Un ton impertinent mais avec du fond,  j’apprécie cet historien.

Dans cet épisode, la chaîne Histony analyse une période souvent négligée et mal-aimée de la Révolution : les débuts du Directoire (1795-1797). L’auteur y décrit la tentative difficile d’instaurer une « république bourgeoise » et modérée, cherchant un équilibre impossible entre la menace d’une restauration royaliste et l’agitation de la gauche néo-jacobine (illustrée par la conjuration de Gracchus Babeuf).

La vidéo met en lumière les fragilités structurelles du régime : une économie en ruine (fin des assignats, banqueroute partielle), une constitution rigide sans mécanisme de résolution des conflits, et surtout une dépendance croissante envers l’armée. Histony explique comment le pouvoir civil, pour se sauver (notamment lors du coup d’État du 18 Fructidor), se met progressivement à la merci des généraux, préparant involontairement le terrain pour l’ascension de Bonaparte.

Dans cette suite directe, Histony explore le « Second Directoire » (1797-1799), une phase où le régime survit en violant sa propre légalité (notamment en cassant les élections de 1798 avec la loi de Floréal pour contrer la gauche).
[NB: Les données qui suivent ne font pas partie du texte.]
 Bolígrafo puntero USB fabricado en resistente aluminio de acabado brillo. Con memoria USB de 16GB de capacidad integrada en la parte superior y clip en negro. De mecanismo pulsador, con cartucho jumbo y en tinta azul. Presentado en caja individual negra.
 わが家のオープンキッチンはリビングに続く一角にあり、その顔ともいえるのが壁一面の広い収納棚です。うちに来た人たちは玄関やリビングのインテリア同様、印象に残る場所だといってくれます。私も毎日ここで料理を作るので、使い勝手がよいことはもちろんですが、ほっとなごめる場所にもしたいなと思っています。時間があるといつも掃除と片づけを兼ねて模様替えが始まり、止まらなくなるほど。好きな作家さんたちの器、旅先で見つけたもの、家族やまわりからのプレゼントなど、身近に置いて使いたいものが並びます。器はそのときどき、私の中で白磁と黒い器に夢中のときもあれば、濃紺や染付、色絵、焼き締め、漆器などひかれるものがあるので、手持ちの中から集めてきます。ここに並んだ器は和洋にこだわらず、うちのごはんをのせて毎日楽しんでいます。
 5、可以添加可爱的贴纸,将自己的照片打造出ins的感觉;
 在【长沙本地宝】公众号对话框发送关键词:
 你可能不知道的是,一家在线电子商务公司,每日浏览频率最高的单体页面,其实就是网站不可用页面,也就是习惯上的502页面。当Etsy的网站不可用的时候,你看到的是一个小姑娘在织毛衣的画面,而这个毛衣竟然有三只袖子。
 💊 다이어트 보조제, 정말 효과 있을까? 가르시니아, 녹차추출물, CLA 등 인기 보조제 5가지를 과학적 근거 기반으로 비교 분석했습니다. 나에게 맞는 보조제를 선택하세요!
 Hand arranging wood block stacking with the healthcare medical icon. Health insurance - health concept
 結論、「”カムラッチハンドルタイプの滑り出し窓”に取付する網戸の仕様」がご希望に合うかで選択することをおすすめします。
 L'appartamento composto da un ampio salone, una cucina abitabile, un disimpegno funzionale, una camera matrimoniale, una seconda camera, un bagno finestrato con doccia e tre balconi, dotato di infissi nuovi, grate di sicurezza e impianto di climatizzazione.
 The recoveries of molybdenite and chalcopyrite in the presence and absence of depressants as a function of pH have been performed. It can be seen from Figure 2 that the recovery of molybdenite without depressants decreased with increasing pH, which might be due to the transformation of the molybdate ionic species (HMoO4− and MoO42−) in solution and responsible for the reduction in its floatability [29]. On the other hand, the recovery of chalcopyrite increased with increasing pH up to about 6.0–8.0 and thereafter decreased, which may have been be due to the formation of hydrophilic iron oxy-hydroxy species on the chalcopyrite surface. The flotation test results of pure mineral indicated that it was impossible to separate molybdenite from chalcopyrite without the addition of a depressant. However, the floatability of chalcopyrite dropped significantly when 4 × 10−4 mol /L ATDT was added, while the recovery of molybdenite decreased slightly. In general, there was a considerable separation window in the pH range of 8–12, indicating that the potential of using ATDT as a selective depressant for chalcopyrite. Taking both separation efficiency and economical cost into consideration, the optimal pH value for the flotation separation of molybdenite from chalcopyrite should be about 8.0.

C’est le temps d’une « république autoritaire » qui peine à résoudre l’insécurité chronique (banditisme) et la crise économique.

La vidéo se concentre surtout sur l’ascension irrésistible de Bonaparte à travers deux moments clés :

  1. La campagne d’Italie : Il s’y révèle comme un acteur politique autonome, capable de redessiner la carte de l’Europe (Républiques sœurs) et d’imposer ses traités de paix sans l’aval de Paris.

  2. L’expédition d’Égypte : Une aventure destinée à contrer l’Angleterre qui, malgré l’échec stratégique final, permet à Bonaparte de construire sa légende loin des difficultés de la métropole.

L’épisode dresse le portrait d’un exécutif en sursis, menacé par la guerre de la Deuxième Coalition et attendant l’homme fort (le « sabre ») que cherche l’abbé Sieyès pour renverser la table.

Dans cet ultime épisode, Histony chronique la fin inéluctable du Directoire, qualifiée de « suicide de la République ». L’année 1799 voit la montée des « révisionnistes » menés par l’abbé Sieyès qui, pour sauver les acquis de la Révolution face à l’instabilité chronique (royalistes à l’ouest, néo-jacobins aux conseils), cherchent un « sabre » (un général) pour imposer une réforme constitutionnelle par la force.

La vidéo détaille :

  1. Le coup d’État du 18 Brumaire : Une opération chaotique où Bonaparte, choisi par défaut après la mort de Joubert, manque de tout faire échouer face aux députés, avant d’être sauvé par son frère Lucien et l’intervention de l’armée.

  2. L’établissement du Consulat : Bonaparte évince rapidement Sieyès, concentre le pouvoir entre ses mains et déclare la Révolution « fixée aux principes qui l’ont commencée » et donc « finie ».

  3. La stabilisation autoritaire (1799-1802) : Par la victoire militaire (Marengo), la paix religieuse (le Concordat) et la répression des oppositions, Bonaparte verrouille le pays.

L’épisode se termine par une réflexion sur l’héritage durable de la Révolution (propriété, égalité civile, laïcisation) qui survivra aux régimes suivants, malgré le retour à un pouvoir personnel.